Hij wandelt voor me uit het lege huis binnen en laat me zien dat er na mijn vorige bezoekje al weer een en ander gebeurd is, maar er moet nog veel meer gedaan worden. We wandelen de trap op naar de bovenverdieping. Hij vertelt dat zijn broer hem komt helpen met het betegelen van de badkamer. Alle oude tegels zijn eraf gehakt en liggen op de vloer, klaar om afgevoerd te worden.  Aankomend  weekend zullen zijn zus en haar vriend de kamers behangen. Op de vloer van de benedenverdieping liggen plavuizen, dus daar hoeft verder niets aan gedaan te worden. Hij is bezig met het schilderen van de radiatoren en was net van plan ermee te stoppen om bij zijn ouders te gaan eten.

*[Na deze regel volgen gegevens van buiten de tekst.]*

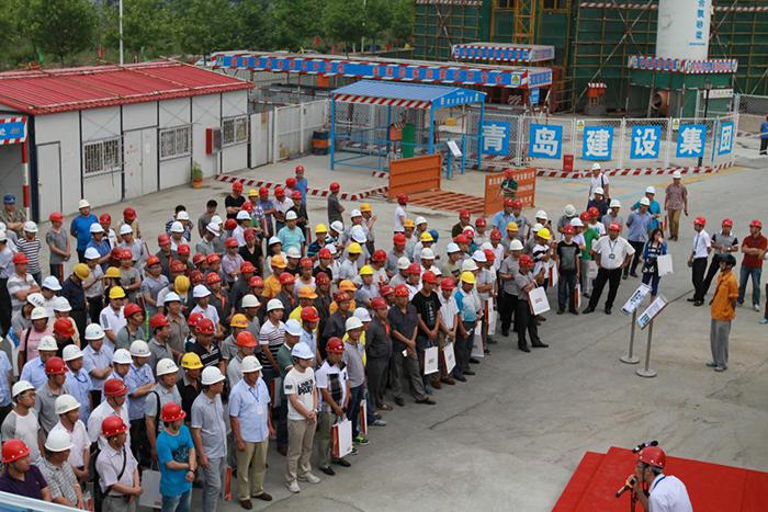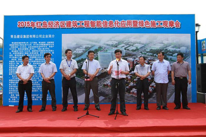 6月18日,2015年紅島經(jīng)濟(jì)區(qū)建筑工程智能信息化應(yīng)用暨綠色施工觀摩會(huì)在青島建設(shè)集團(tuán)承建的國(guó)際信息創(chuàng)新園項(xiàng)目順利舉行。觀摩會(huì)由區(qū)質(zhì)安監(jiān)站站長(zhǎng)王進(jìn)文主持,區(qū)建設(shè)局局長(zhǎng)蒲洪強(qiáng)、青島建設(shè)集團(tuán)總裁孫華明分別講話(huà),紅島經(jīng)濟(jì)區(qū)內(nèi)各在建工程建設(shè)單位、監(jiān)理單位、施工單位、勞務(wù)單位代表400余人參加了本次觀摩會(huì)。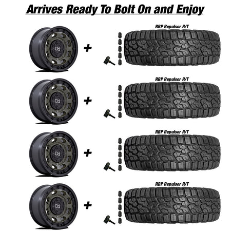 • (4) Mounted and balanced Tires. Your Choice of BFGoodrich All Terrain T/A K02 or RBP Repulsor R/T 37x12.5R17

“Als je wilt dan kan ik je zondag ook wel komen helpen.” stel ik voor, “Ik weet niet of ik wat doen kan?”
“Als je dat zou willen, dat zou heel fijn zijn. Er moet nog zoveel gebeuren.”
We nemen afscheid en ik rijd naar huis om eten te koken voor Mark en mijzelf.
Na twee jaar waren de dreigementen langzamerhand verminderd en uiteindelijk na drie jaar verdwenen. Het leek erop dat Peter een vaste relatie had gevonden. Ik hoorde af en toe nog wel vreemde dingen, vooral in zijn relatie met de kinderen, maar ik durfde de wat veiligere bovenverdieping wel te verwisselen voor de vrijgekomen benedenwoning.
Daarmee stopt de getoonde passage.